There’s no better place to experience holiday warmth than at a bakery. Stroll through the entrance, and the oven provides instant heat. Beyond body temperature, Mary’s Cakes and Pastries gives a sensory treat for the eyes and nose too. Gingerbread cookies, Yule log cake, stollen and bread pudding are just some of their holiday specialty items. On Dec. 1, owner Mary Cesar said, the store turned into a “cookie factory.” They are already booked for wedding cakes each weekend in December and even had to turn one offer down.
“I expect it to be very busy,” Cesar said, right up until Christmas Eve.
When a group of three young men strutted through the doors to Mary Cesar’s shop, one commented that it smelled good. Cesar snapped back, “Of course it does. It’s a bakery!”
Cesar took an unusual route in becoming the owner of the bakery at 412B 22nd Avenue in Northport. Before coming to Alabama, she lived in Atlanta and had previously been in places like New York, California, Finland and Paris. After work one night, she happened to see an ad for Culinard in Birmingham on late-night television. Cesar said it was always her dream to go to culinary school. So, she took the plunge, from making a good salary to being in school with student loans.

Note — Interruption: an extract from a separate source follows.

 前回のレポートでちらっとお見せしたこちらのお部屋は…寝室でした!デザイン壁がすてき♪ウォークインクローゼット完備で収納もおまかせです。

“It’s kind of like jumping off a cliff,” she said.
Cesar, 53, has been in business since 2006. She believes having a business background and years of experience have been critical to being a business owner.
“I wouldn’t still be in business today,” she said.

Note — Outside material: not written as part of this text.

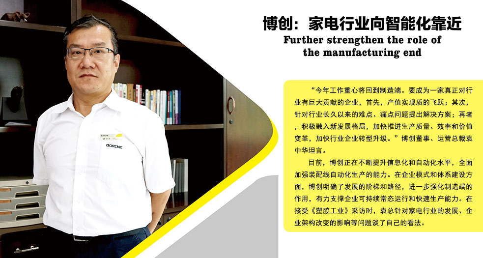 目前,博創(chuàng)正在不斷提升信息化和自動化水平,全面加強裝配線自動化生產的能力。在企業(yè)模式和體系建設方面,博創(chuàng)明確了發(fā)展的階梯和路徑,進一步強化制造端的作用,有力支撐企業(yè)可持續(xù)常態(tài)運行和快速生產能力。在接受《塑膠工業(yè)》采訪時,袁總針對家電行業(yè)的發(fā)展、企業(yè)架構改變的影響等問題談了自己的看法。

According to her, people seriously underestimate the costs of starting and maintaining a business. Some key points are making what customers want, selling it at a price that makes money, knowing when to say no and self-reliance.

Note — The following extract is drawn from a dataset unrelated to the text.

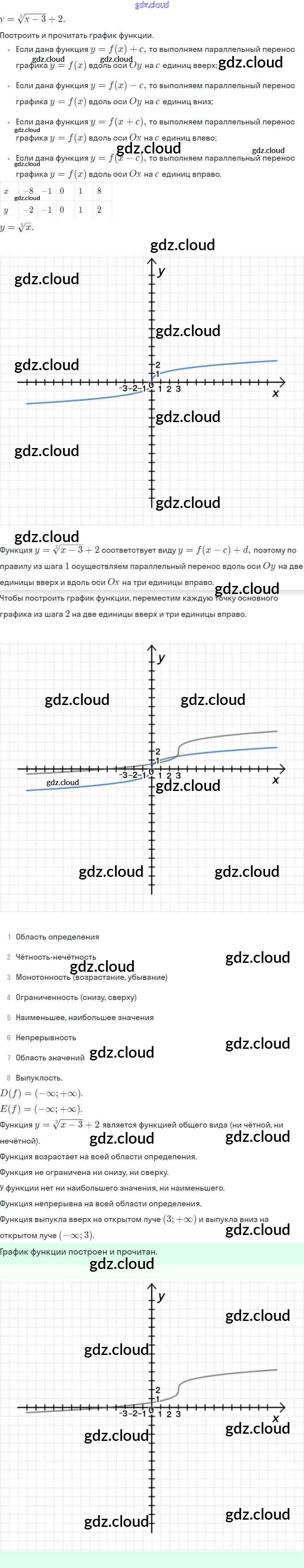 §14. Функция y = ∛x, её свойства и график Ответы. Глава 3. Числовые функции по Алгебре 9 класс Задачник Мордкович Часть 2 Мнемозина

“I don’t need to be rich,” she said. “I just need to be in the black.
“[Many businesses are] undercapitalized, and they have this false sense of what it takes. It costs a lot more than people think.”
She noted she isn’t married and doesn’t have kids, an important advantage. To be successful, she said, the business has to be the most important thing.
“You gotta really want to do it,” she said. “I’m here every day. This shop, I want it to be something I like.”
Despite the fact that Mary’s Cakes and Pastries is in Northport, she has felt the weight of the EF-4 tornado that hit Tuscaloosa on April 27. She said 30 cakes were cancelled after the storm, a substantial amount of business. Mary has business insurance, but insurance does not account for what happens when you lose serious business weeks and months after a tragedy.
Cesar said people can’t be faulted for not needing celebratory food when many lost their homes, but she said perhaps the biggest hit was the University of Alabama cancelling graduation. Cesar said business was OK in April, slow in May but not terrible, but June was probably the slowest month ever. By August, things began to pick back up, and October through December is one of the busiest periods of the year.
Despite the loss in business, Mary is adamant about supporting her staff.
“You can’t just cut hours,” she says. To employees who’ve worked at corporations that routinely cut employees’ hours to help the company line, Cesar is a breath of fresh air.
“I think the best thing about Mary’s is the people I work with and the interaction with customers,” said Mary’s employee Maury Holliman. “This place is like a small family. We get to interact with great customers. This place is a home away from home.”
In September, Mary’s Cakes and Pastries won the National Get Back to Scratch Contest. The contest included more than 450 baking establishments across the country entering a signature scratch-baked item.
Mary’s entered their decorated shortbread cookies, featuring such decorations as a houndstooth hat, a football, an elephant and others. Officially, the contest spanned six months. According to Cesar, the contest was essentially 93 days, when contestants were accepted and given a chance to win through online voting. People voted for Mary’s every single day.
“They did it for us,” Cesar said.
While the voting numbers weren’t released, it is clear from comments alone that Mary’s was the clear winner. She had 136 comments on getbacktoscratch.com, the official contest website, which was far more than any other bakery.
The grand prize was either an 80-quart or a 60-quart Hobart Legacy mixer. The 60-quart mixer holds 75 pounds of cake batter, which is enough to make 80 quarter-inch cakes. It took eight Hobart representatives two and a half hours just to get the 60-quart mixer in the door. It only took two minutes to get it set up.
“We don’t need the 80,” Cesar said. The 60-quart mixer is still quite a spectacle to see and is worth roughly $20,000.
Cesar said winning is especially cool because she didn’t just buy the mixer. She feels in many ways the mixer belongs just as much to her loyal customers as it does to the business itself.
Cesar also gives back to her community, having donated the old mixer to the East Tuscaloosa Community Soup Bowl, as it was displaced by the tornado. She is also friends with many of her customers.
Glenn House Sr. is one such example, and he visits the bakery regularly, despite living in Gordo. He said it “seems like forever” that he’s known her, probably as long as she’s been here. When pressed for his favorite item, he said, “It’d be hard to pick one. We try to pick something different every time.”
At the moment, he was excited to try the fruit cake.